Another floor fellow explained that Porritt had suggested charging floor fellows rent for their rooms in residence – where they currently live for free. He proposed their rent be discounted in relation to first-years’, or that they pay rent and receive a small stipend. Floor fellows stressed, however, that their concerns weren’t driven by money worries.

Porritt acknowledged that he faced challenges this year, but maintained that many of the residence staff were still respectful of his leadership.

“There are lots of people who are very wary of ‘the new guy,’” said Porritt in an earlier email to The Daily. “The vast majority [of staff] have been very supportive and even excited to talk about how we can put their ideas into action.”

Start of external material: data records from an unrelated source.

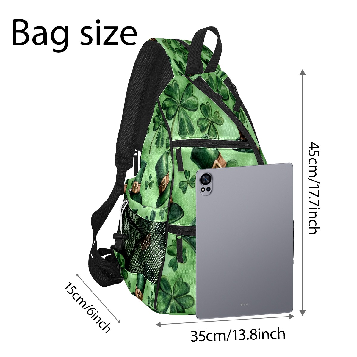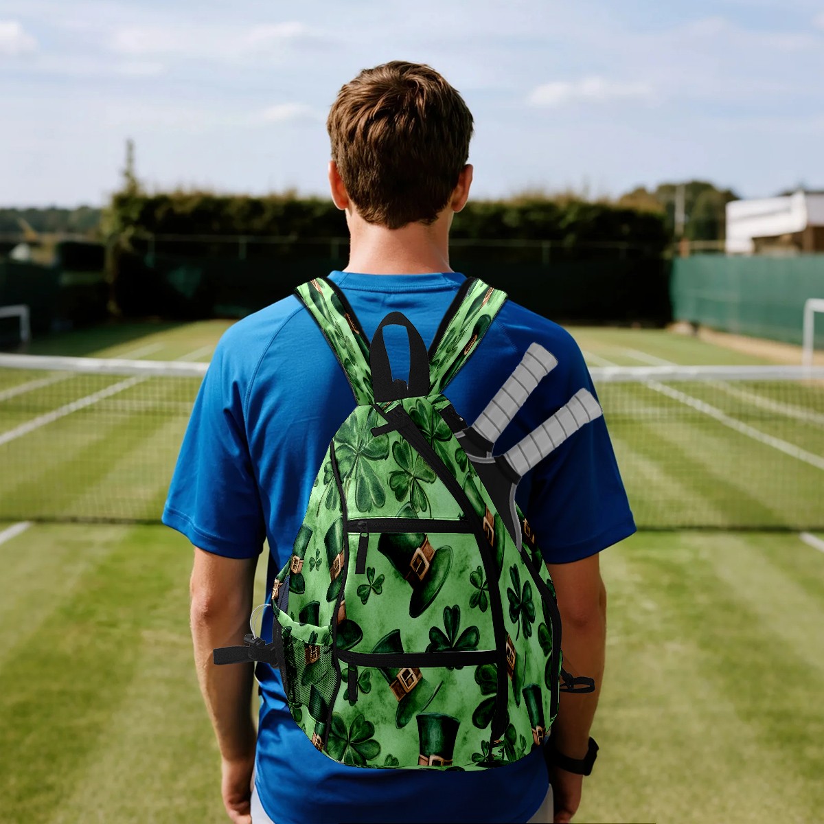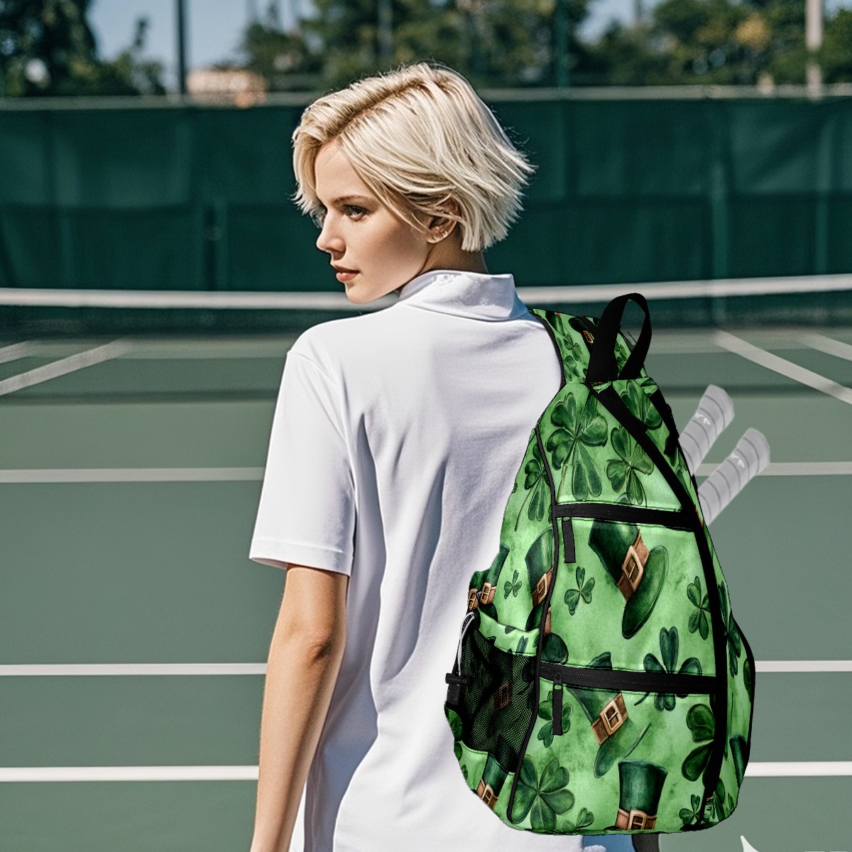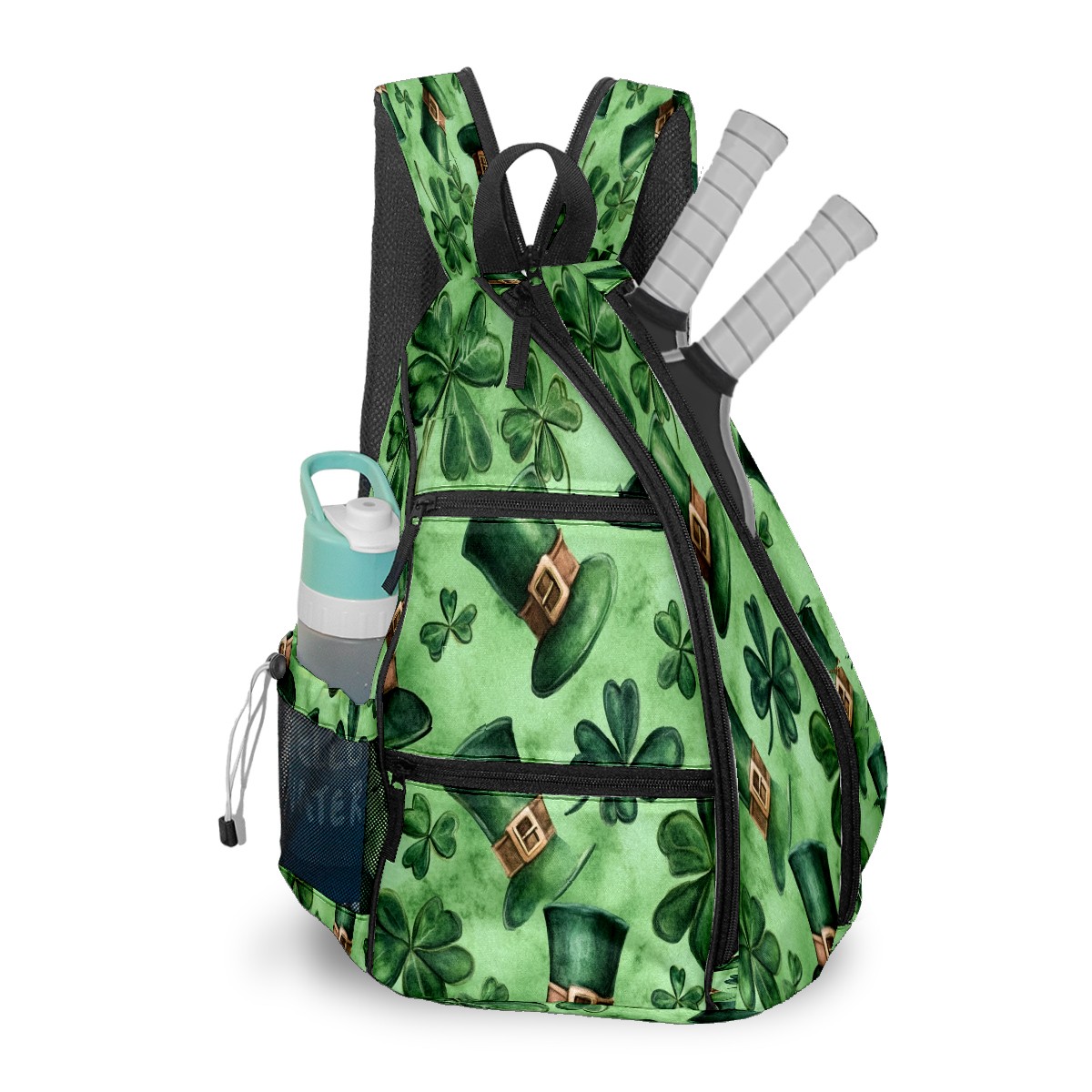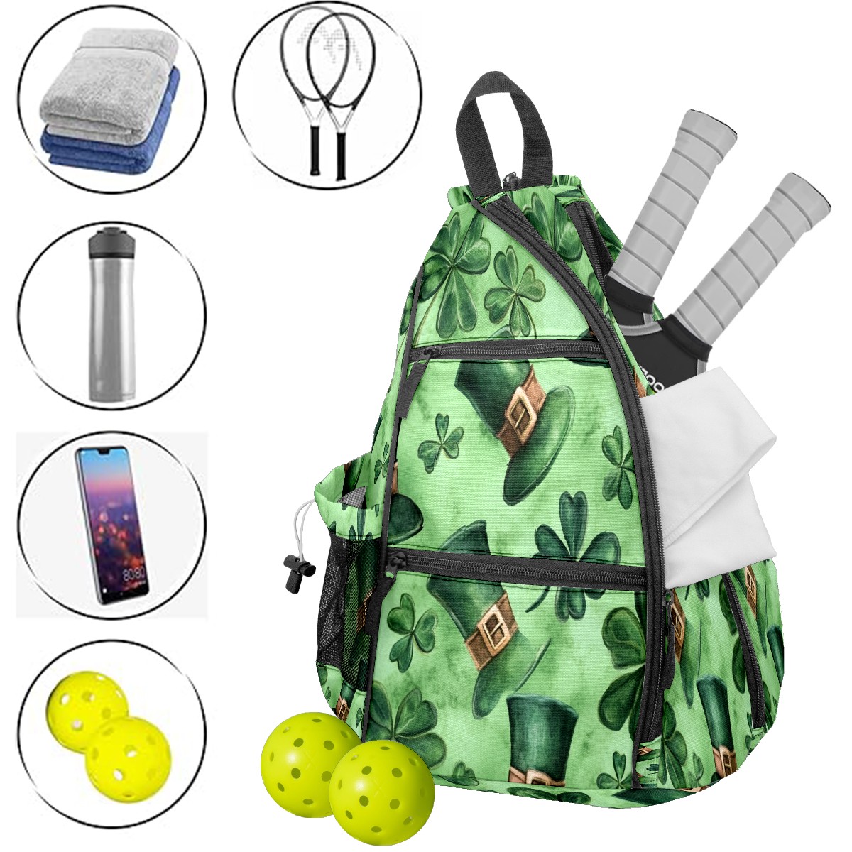 Pickleball Backpack for Women and Men, Adjustable Pickleball Sling Bag for Paddles, Balls & Accessories (Watercolor Shamrock Hats)
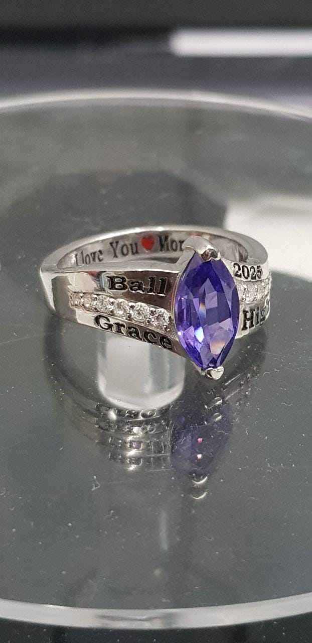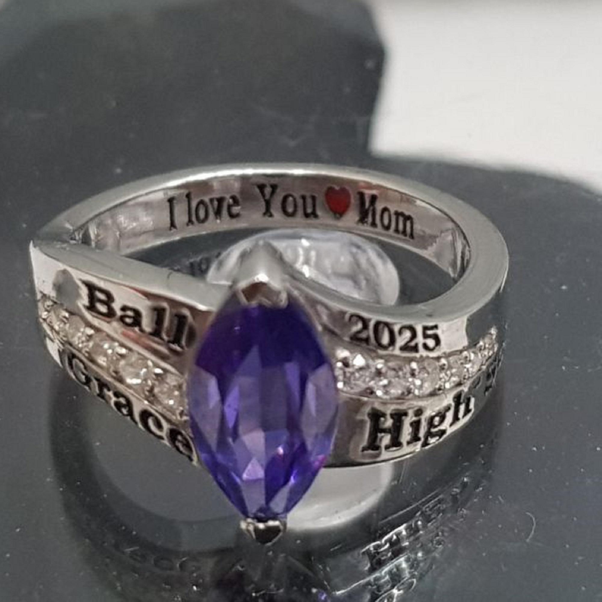 Womenโ€™s Custom 925 Sterling Silver Marquise Birthstone High School Class Ring Handmade Personalized Graduation Gift
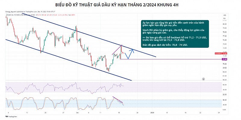 Về mặt kỹ thuật giá dầu, khung 4H, áp lực bán gia tăng tại kháng cự là cạnh trên của kênh giảm ngắn hạn đẩy giá suy yếu. Stoch RSI phân kỳ giảm giá, cho thấy động lực giảm của giá ngày càng cao. Dự báo giá dầu có thể backtest hỗ trợ 71,2 - 71,5 USD, trước khi tăng trở lại 73,5 - 73,8 USD.
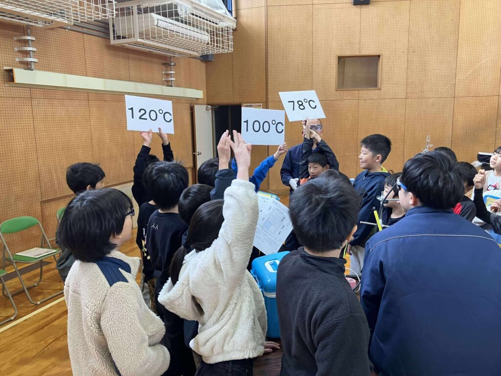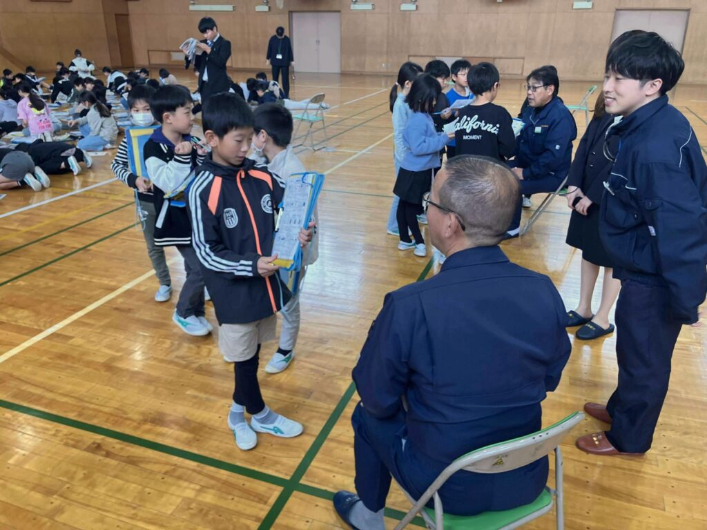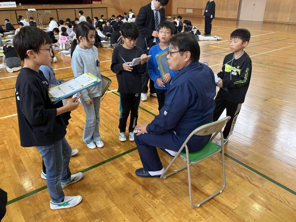 地元企業である三和油化工業株式会社様より、企業の取り組みや地域への貢献、SDGsの視点などについてお話しいただきました。子どもたちから社員の方へ積極的に質問をする場面もあり、一つひとつの問いに対して、わかりやすい言葉で丁寧に解説していただきました。さらに、クイズを交えたお話を通して、楽しみながら企業活動や社会とのつながりについて理解を深めることができました。
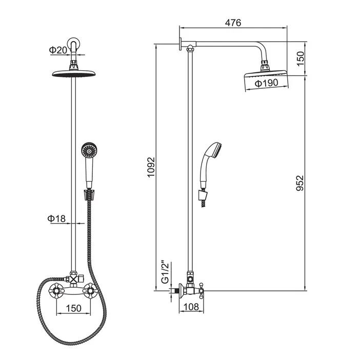 Штанга со смесителем Accoona А8176-1, двухрычажная, с тропическим душем, хром — Характеристики
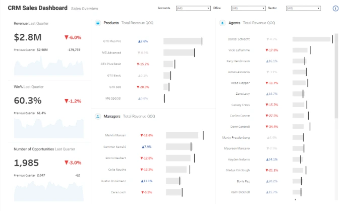 Quarter over quarter performance dashboard, focusing on the managers, agents and products sales. Different filters are available and they are based on customer information like office or sector.
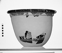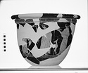 Flaring rim with round projecting lip. Below lip are band of ovoles and dots on offset surface. Reserved band inside, below rim. Trace of loop handle.
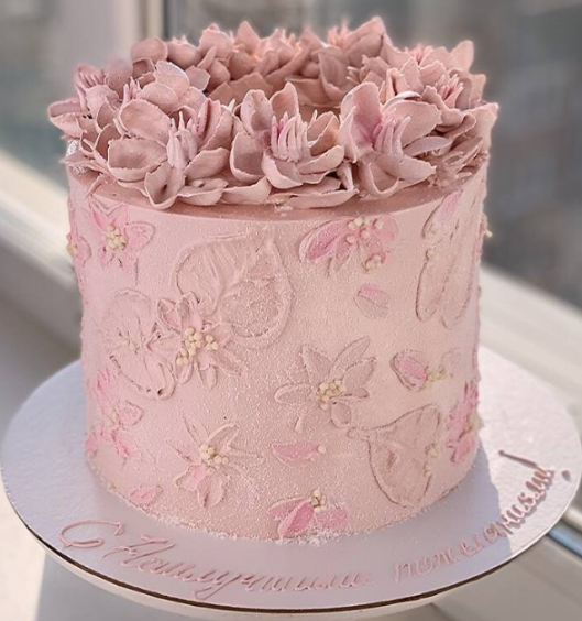 - Декор одноярусного торта. Фактурное покрытие с рисунком на торте

With a genuine concern for the future of residence culture at McGill, Smith stressed that their tenuous work relationships weren’t the driving reason for their concern.

“This is not a personal vendetta. It’s about a community that we value and cherish so much, and that thousands of people have valued as a really formative year.”

In the original version of this article, the by-line read “Proposed changes to alcohol policy will limit drinking in common areas” – which is a mistatment. While this was policy proposal was in an earlier draft, it has since been removed from the RLAG document.